"...phenological events and their timing are now widely recognized as ideal indicators of how local and global climate changes are affecting ecosystems at local to global scales."

• Introduction
• The importance of phenology to humans
• Phenology and global warming
• Phenology internationally
• Phenology in the United States
• Region-specific networks in the USA-NPN
• Conclusion
• Endnotes
• Author information
• Additional web resources

Introduction

• (Back to top) The vast yearly migrations of wildebeest and other herbivores across the savannas of East Africa as they follow rain-induced grass growth, and are in turn followed by their predators...
• The appearance every fall of millions of monarch butterflies in the Sierra Madre mountains of Mexico, where they overwinter and produce a new generation that migrates back north the following spring...
• The sweet scents and beautiful sight of spring-flowering citrus, apple and other fruit trees (perhaps most famously, the cherry blossoms of Japan) along with their subsequent pollination and the setting of fruit...

All of these are examples of phenology: that is, the occurrence (and the study by humans) of periodic plant and animal life cycle events that are influenced by environmental changes, especially seasonal climate-driven variations in temperature and precipitation.
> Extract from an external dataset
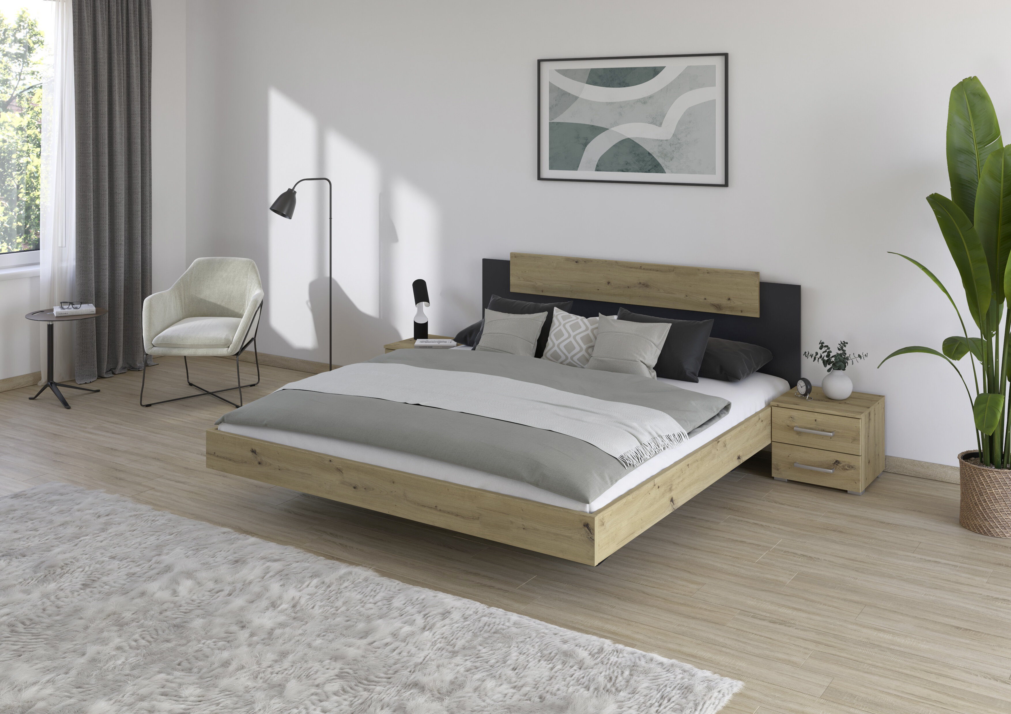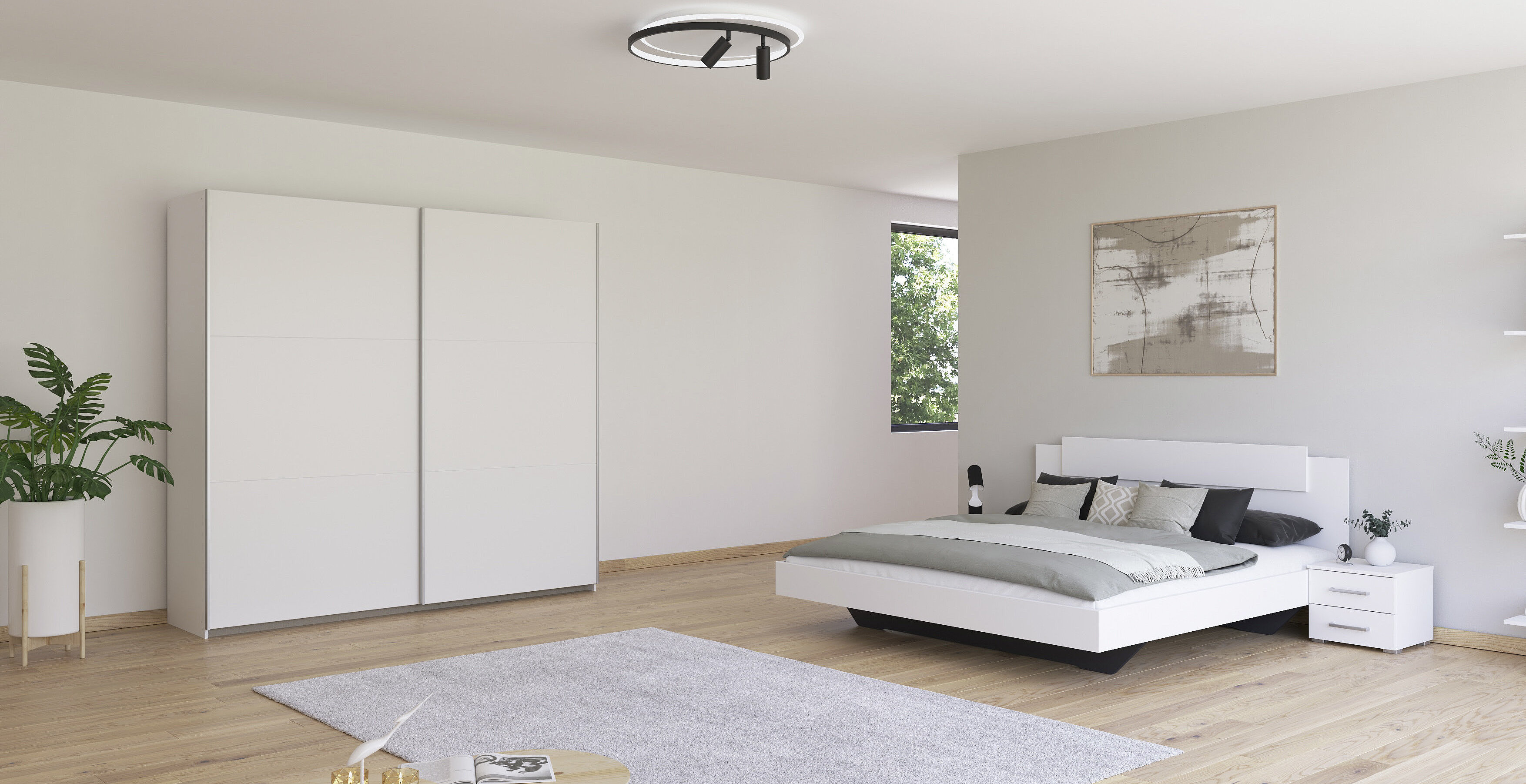 Mit Borba und Borba-Extra wird’s gemütlich im Schlafzimmer. Das perfekte Zusammenspiel zwischen formaler Geradlinigkeit und harmonischen Farb-Kompositionen spiegelt sich bei den Betten, Nachttischen, Schränken und Kommoden der Serien wider. Beim Schrank darfst du entscheiden: Schwebetüren oder lieber Drehtüren? Beide Varianten sorgen für ordentlich Stauraum im Schlafzimmer. Kombiniert mit passendem Bett, Nachttischen und Kommode wird das Modell zum Rundum-Wohlfühl-Paket. Genau das Richtige für ruhige Nächte!

Important phenological events, or "phenophases," include:

• timing of leafing, flowering, and fruiting in plants;
• agricultural crop stages and timing of harvests;
• emergence and first flight of insects like butterflies;
• first appearance of migrating birds
• dates of egg-laying in birds, amphibians and reptiles.

Variations in phenophase affect the abundance and diversity of organisms, their inter-interactions with other species, the roles they play in a given ecosystem, and their effects on fluxes in water, energy, and chemical elements at scales from local to global and from minutes to centuries.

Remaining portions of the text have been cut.